When you copy the data, keep every word exactly as it is and leave the pictures out.

- Stored data
_____

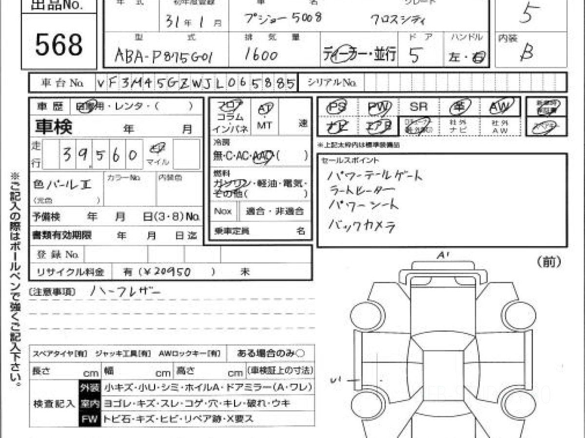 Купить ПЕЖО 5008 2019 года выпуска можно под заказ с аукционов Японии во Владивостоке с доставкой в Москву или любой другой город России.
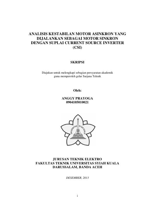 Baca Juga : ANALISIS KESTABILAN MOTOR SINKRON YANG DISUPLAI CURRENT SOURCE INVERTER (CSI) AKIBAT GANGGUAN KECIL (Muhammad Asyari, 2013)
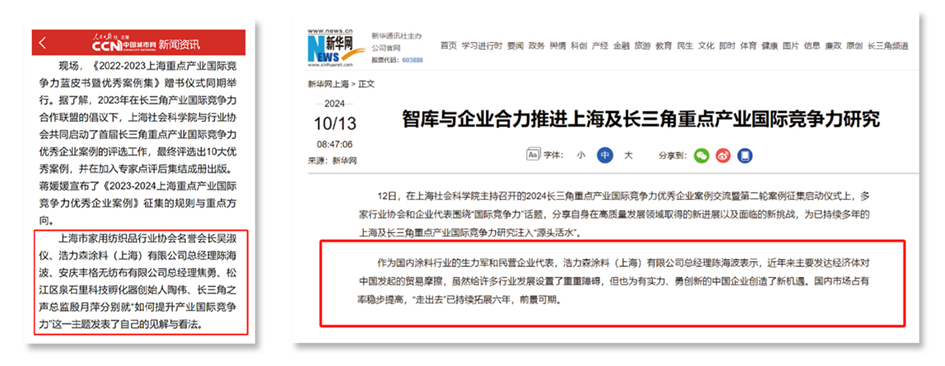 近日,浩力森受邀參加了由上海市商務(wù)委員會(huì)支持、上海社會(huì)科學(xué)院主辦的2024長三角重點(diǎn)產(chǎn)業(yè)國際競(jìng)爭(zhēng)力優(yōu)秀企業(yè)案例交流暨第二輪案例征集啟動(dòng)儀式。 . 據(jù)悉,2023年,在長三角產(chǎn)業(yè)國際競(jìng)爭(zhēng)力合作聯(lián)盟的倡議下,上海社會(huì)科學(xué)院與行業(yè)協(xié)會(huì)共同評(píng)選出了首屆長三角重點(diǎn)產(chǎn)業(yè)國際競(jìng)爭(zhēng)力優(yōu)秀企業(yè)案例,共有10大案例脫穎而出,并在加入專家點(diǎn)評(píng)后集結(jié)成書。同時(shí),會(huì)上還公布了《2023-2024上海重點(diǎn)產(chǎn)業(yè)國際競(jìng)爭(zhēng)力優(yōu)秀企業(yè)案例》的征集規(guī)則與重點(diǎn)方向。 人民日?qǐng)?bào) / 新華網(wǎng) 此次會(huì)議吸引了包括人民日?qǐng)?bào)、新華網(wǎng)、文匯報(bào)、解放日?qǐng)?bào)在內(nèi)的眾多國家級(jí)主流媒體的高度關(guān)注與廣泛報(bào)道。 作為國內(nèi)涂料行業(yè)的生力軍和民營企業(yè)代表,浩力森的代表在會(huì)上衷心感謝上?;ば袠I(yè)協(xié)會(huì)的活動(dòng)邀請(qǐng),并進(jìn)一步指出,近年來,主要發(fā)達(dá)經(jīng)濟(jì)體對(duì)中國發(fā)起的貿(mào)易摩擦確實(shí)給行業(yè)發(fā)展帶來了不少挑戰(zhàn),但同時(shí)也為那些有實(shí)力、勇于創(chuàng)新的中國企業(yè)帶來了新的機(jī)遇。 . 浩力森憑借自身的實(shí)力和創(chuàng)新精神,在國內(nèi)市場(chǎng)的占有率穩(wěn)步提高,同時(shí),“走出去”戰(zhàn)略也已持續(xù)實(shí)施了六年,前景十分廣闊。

_____

- Your solution
 Купить ПЕЖО 5008 2019 года выпуска можно под заказ с аукционов Японии во Владивостоке с доставкой в Москву или любой другой город России.
 Baca Juga : ANALISIS KESTABILAN MOTOR SINKRON YANG DISUPLAI CURRENT SOURCE INVERTER (CSI) AKIBAT GANGGUAN KECIL (Muhammad Asyari, 2013)
 近日,浩力森受邀參加了由上海市商務(wù)委員會(huì)支持、上海社會(huì)科學(xué)院主辦的2024長三角重點(diǎn)產(chǎn)業(yè)國際競(jìng)爭(zhēng)力優(yōu)秀企業(yè)案例交流暨第二輪案例征集啟動(dòng)儀式。 . 據(jù)悉,2023年,在長三角產(chǎn)業(yè)國際競(jìng)爭(zhēng)力合作聯(lián)盟的倡議下,上海社會(huì)科學(xué)院與行業(yè)協(xié)會(huì)共同評(píng)選出了首屆長三角重點(diǎn)產(chǎn)業(yè)國際競(jìng)爭(zhēng)力優(yōu)秀企業(yè)案例,共有10大案例脫穎而出,并在加入專家點(diǎn)評(píng)后集結(jié)成書。同時(shí),會(huì)上還公布了《2023-2024上海重點(diǎn)產(chǎn)業(yè)國際競(jìng)爭(zhēng)力優(yōu)秀企業(yè)案例》的征集規(guī)則與重點(diǎn)方向。 人民日?qǐng)?bào) / 新華網(wǎng) 此次會(huì)議吸引了包括人民日?qǐng)?bào)、新華網(wǎng)、文匯報(bào)、解放日?qǐng)?bào)在內(nèi)的眾多國家級(jí)主流媒體的高度關(guān)注與廣泛報(bào)道。 作為國內(nèi)涂料行業(yè)的生力軍和民營企業(yè)代表,浩力森的代表在會(huì)上衷心感謝上?;ば袠I(yè)協(xié)會(huì)的活動(dòng)邀請(qǐng),并進(jìn)一步指出,近年來,主要發(fā)達(dá)經(jīng)濟(jì)體對(duì)中國發(fā)起的貿(mào)易摩擦確實(shí)給行業(yè)發(fā)展帶來了不少挑戰(zhàn),但同時(shí)也為那些有實(shí)力、勇于創(chuàng)新的中國企業(yè)帶來了新的機(jī)遇。 . 浩力森憑借自身的實(shí)力和創(chuàng)新精神,在國內(nèi)市場(chǎng)的占有率穩(wěn)步提高,同時(shí),“走出去”戰(zhàn)略也已持續(xù)實(shí)施了六年,前景十分廣闊。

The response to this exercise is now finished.